Task goal:
Nothing but the text of the listing, repeated exactly, belongs in the answer; leave the images out.

Dataset excerpt:
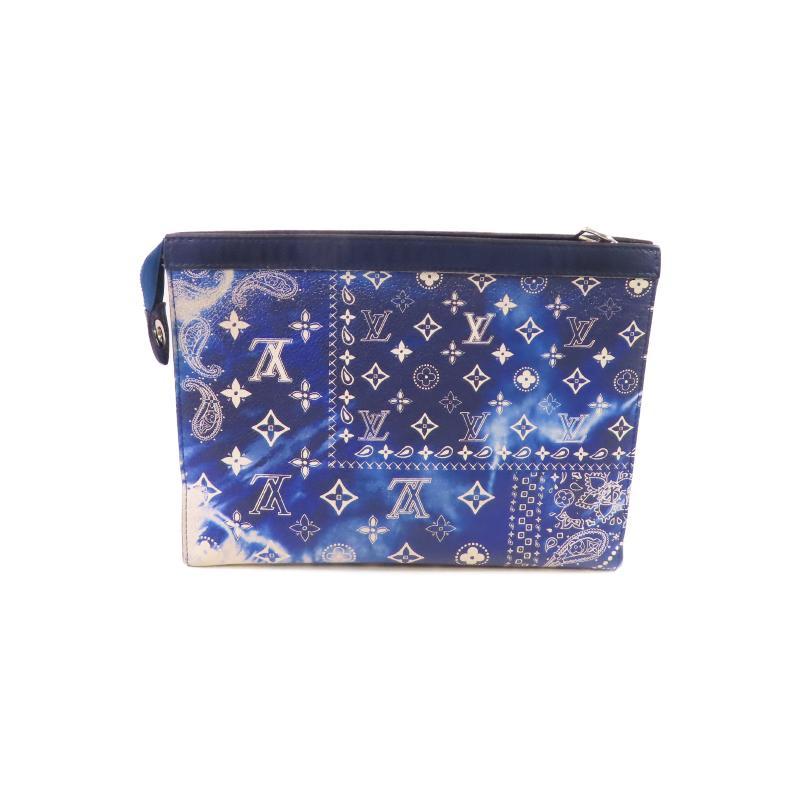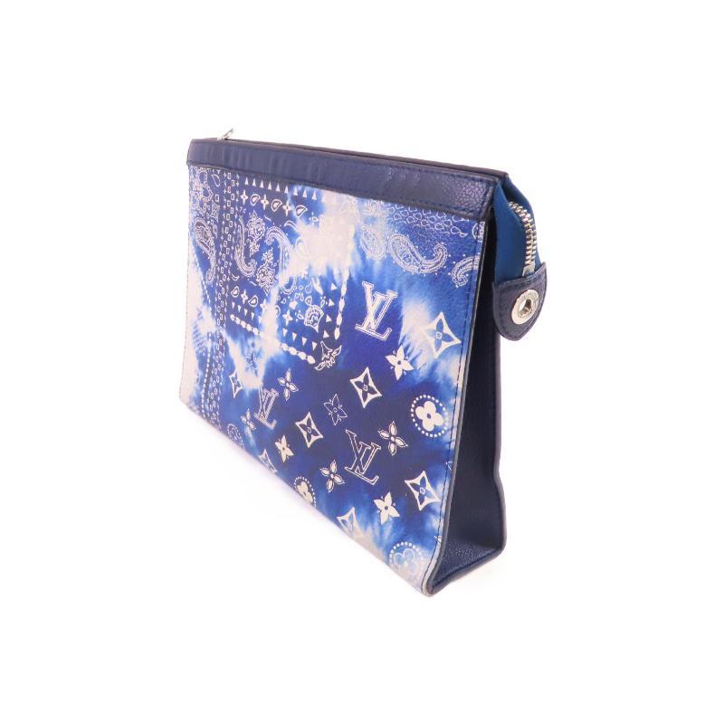 中古LV路易威登男包B级9新second bag手提包牛皮手拿包蓝色RECLO
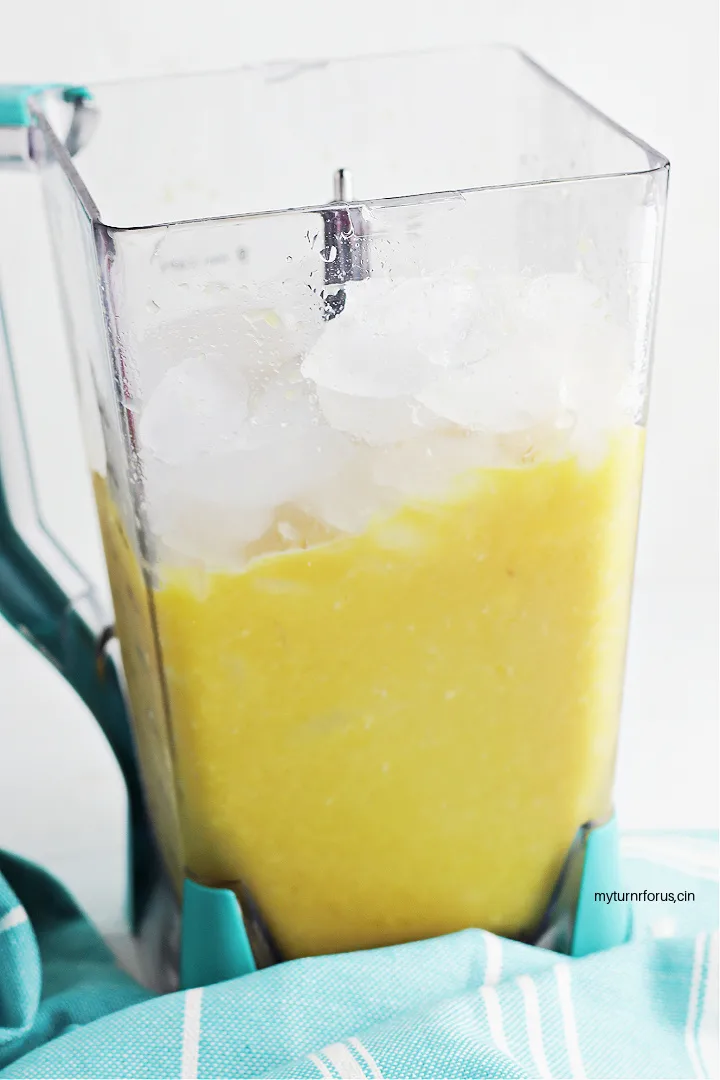 Add the ice to the blender and blend until the ice is completely crushed and has a slushy texture.
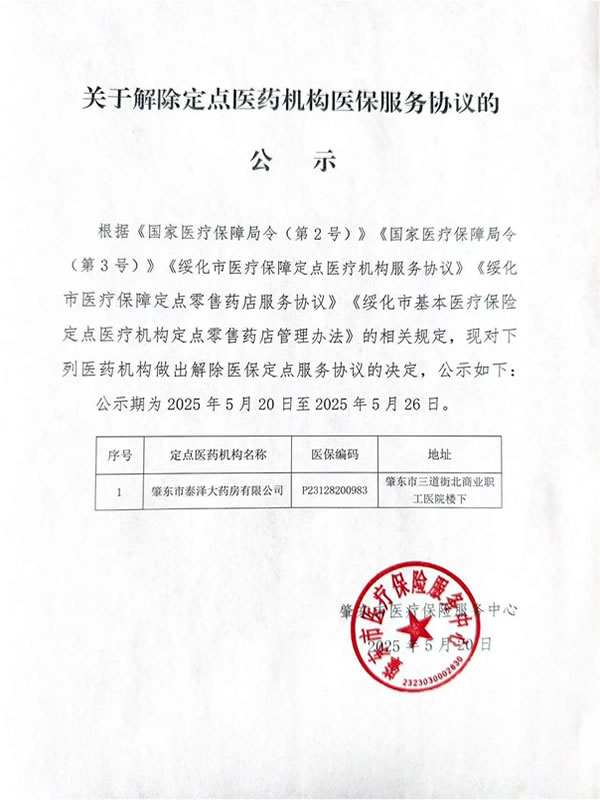 關(guān)于解除定點(diǎn)醫(yī)療保險醫(yī)保服務(wù)協(xié)議的公示

Task response:
 中古LV路易威登男包B级9新second bag手提包牛皮手拿包蓝色RECLO
 Add the ice to the blender and blend until the ice is completely crushed and has a slushy texture.
 關(guān)于解除定點(diǎn)醫(yī)療保險醫(yī)保服務(wù)協(xié)議的公示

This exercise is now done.